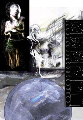 The Character of Walker develops in the book. In the first image at the right we see figurative abstraction, and the riemann sphere as crystal ball, and successive frames of statistical particles being moved by maxwells demon.
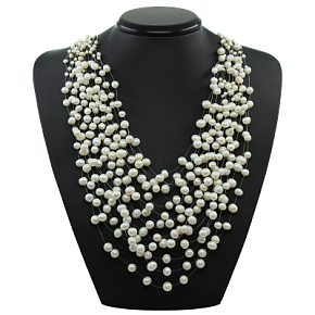 Колье белый жемчуг "Снежная Лилия", 15 ниток, короткое 53см
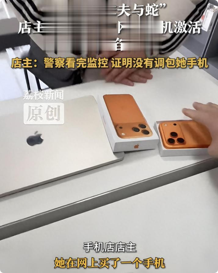 12月30日中午12点,一名女子带着她在网上购买的“苹果17”到当地一家苹果店,请求店主帮忙激活。店主一边用自己的手机录视频留证,一边接过女子递来的手机查看。

## Work task:
Please set down the whole listing above exactly and skip every picture.

## Reply:
 The Character of Walker develops in the book. In the first image at the right we see figurative abstraction, and the riemann sphere as crystal ball, and successive frames of statistical particles being moved by maxwells demon.
 Колье белый жемчуг "Снежная Лилия", 15 ниток, короткое 53см
 12月30日中午12点,一名女子带着她在网上购买的“苹果17”到当地一家苹果店,请求店主帮忙激活。店主一边用自己的手机录视频留证,一边接过女子递来的手机查看。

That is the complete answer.